Excerpted data START
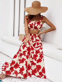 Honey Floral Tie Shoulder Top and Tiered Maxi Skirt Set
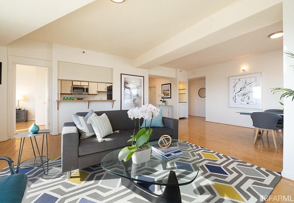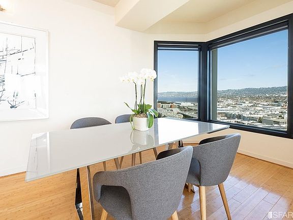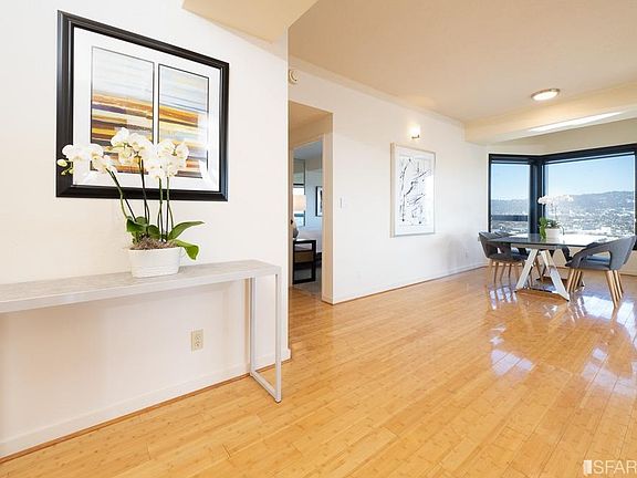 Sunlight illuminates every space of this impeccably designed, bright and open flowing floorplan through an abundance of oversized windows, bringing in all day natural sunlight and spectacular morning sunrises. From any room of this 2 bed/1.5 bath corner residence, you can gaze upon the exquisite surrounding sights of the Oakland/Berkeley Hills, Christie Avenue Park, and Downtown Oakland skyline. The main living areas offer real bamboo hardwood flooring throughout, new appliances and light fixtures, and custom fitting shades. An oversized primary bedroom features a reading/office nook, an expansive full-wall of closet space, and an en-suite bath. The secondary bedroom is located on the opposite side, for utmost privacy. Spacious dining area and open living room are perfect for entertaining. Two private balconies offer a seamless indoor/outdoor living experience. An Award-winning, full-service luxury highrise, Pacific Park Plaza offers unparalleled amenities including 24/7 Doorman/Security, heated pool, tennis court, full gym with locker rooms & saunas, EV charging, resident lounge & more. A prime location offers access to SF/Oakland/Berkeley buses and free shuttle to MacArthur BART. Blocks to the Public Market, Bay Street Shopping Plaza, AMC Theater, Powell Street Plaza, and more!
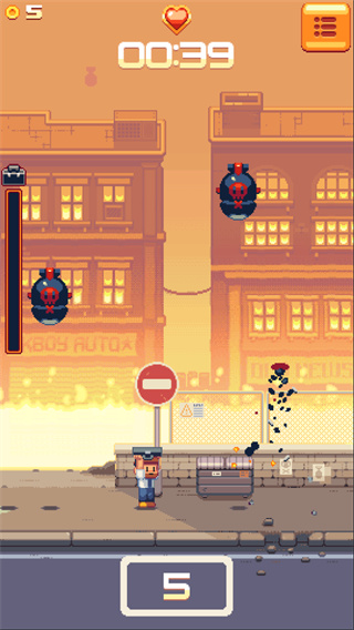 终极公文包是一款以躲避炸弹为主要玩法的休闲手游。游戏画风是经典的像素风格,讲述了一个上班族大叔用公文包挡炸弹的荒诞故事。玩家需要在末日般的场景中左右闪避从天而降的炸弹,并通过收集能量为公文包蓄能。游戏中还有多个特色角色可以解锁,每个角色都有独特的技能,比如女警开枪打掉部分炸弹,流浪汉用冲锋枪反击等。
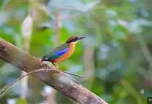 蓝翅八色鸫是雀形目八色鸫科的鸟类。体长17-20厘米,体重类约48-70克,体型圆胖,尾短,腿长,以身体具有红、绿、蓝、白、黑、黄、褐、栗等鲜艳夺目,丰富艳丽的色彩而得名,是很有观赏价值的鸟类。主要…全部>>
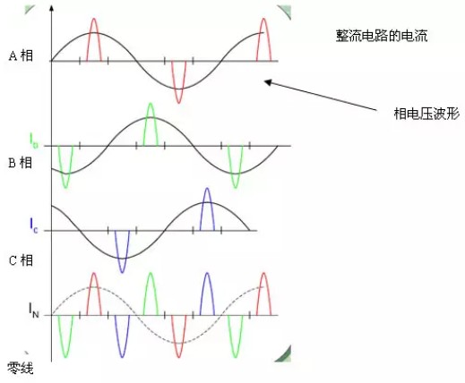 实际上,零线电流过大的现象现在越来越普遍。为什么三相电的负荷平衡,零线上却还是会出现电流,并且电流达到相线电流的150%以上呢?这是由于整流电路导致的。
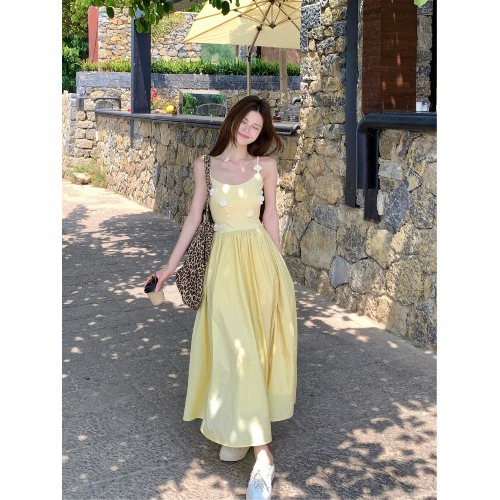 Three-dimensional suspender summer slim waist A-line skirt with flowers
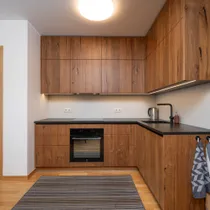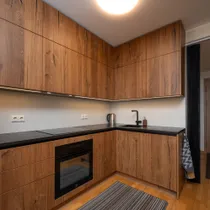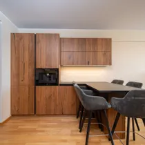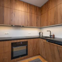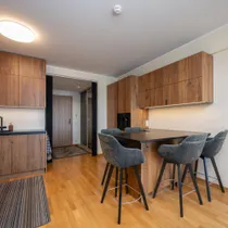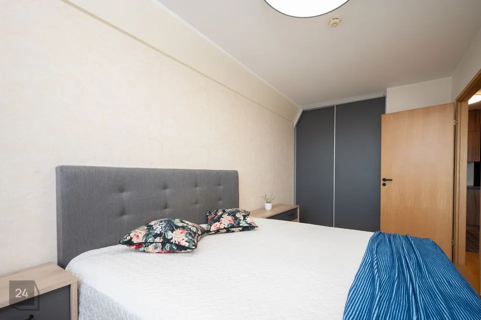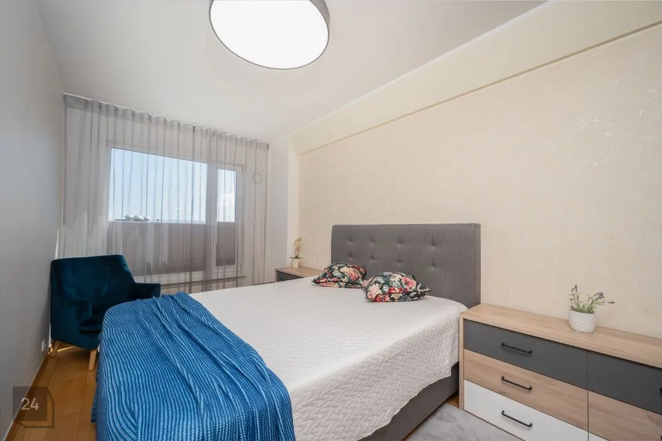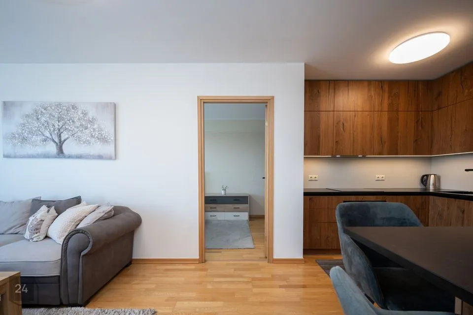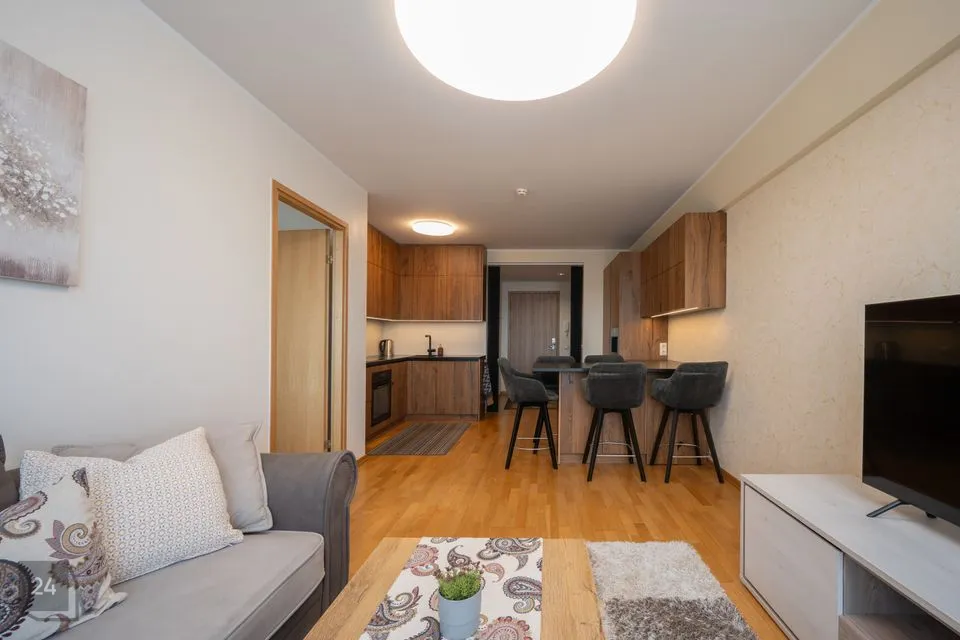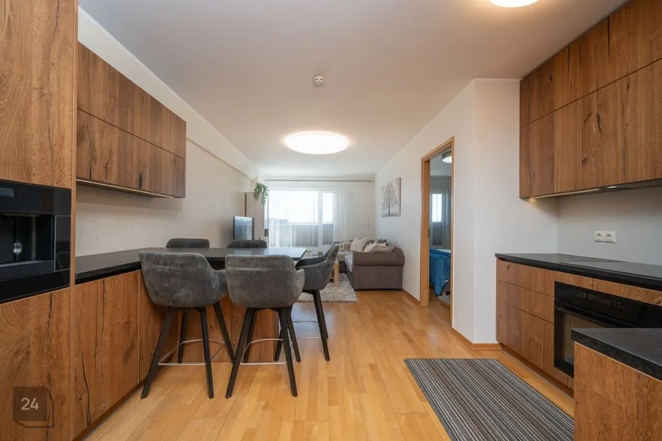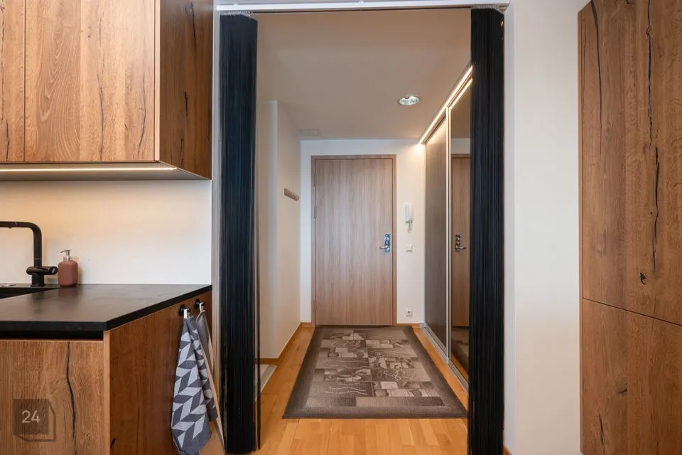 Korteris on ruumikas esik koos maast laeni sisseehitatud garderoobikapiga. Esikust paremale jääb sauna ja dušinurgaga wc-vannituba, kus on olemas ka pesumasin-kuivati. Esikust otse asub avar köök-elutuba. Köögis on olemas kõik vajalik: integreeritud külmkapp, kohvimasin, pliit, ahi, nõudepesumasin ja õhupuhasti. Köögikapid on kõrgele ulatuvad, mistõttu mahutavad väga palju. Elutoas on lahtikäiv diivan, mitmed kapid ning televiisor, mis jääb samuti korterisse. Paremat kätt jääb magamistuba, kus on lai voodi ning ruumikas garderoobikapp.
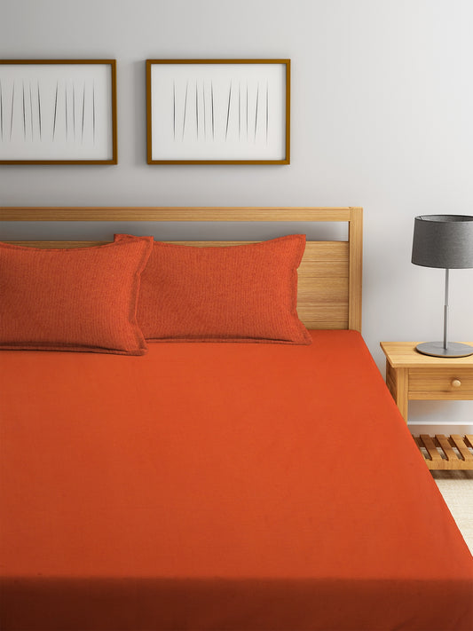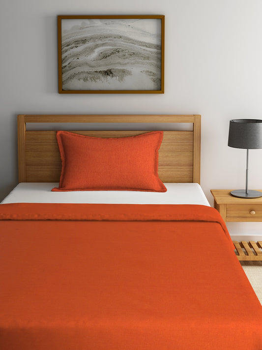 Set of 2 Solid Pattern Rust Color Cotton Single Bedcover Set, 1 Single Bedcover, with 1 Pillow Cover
Excerpted data END
• [Directions]: Print the part of the listing above that opens with the line containing "蓝翅八色鸫是雀形目八色鸫科的" and closes with the line containing "Three-dimensional suspender summer". Copy it exactly, both ends included, and omit the pictures.

• [The answer]:
 蓝翅八色鸫是雀形目八色鸫科的鸟类。体长17-20厘米,体重类约48-70克,体型圆胖,尾短,腿长,以身体具有红、绿、蓝、白、黑、黄、褐、栗等鲜艳夺目,丰富艳丽的色彩而得名,是很有观赏价值的鸟类。主要…全部>>
 实际上,零线电流过大的现象现在越来越普遍。为什么三相电的负荷平衡,零线上却还是会出现电流,并且电流达到相线电流的150%以上呢?这是由于整流电路导致的。
 Three-dimensional suspender summer slim waist A-line skirt with flowers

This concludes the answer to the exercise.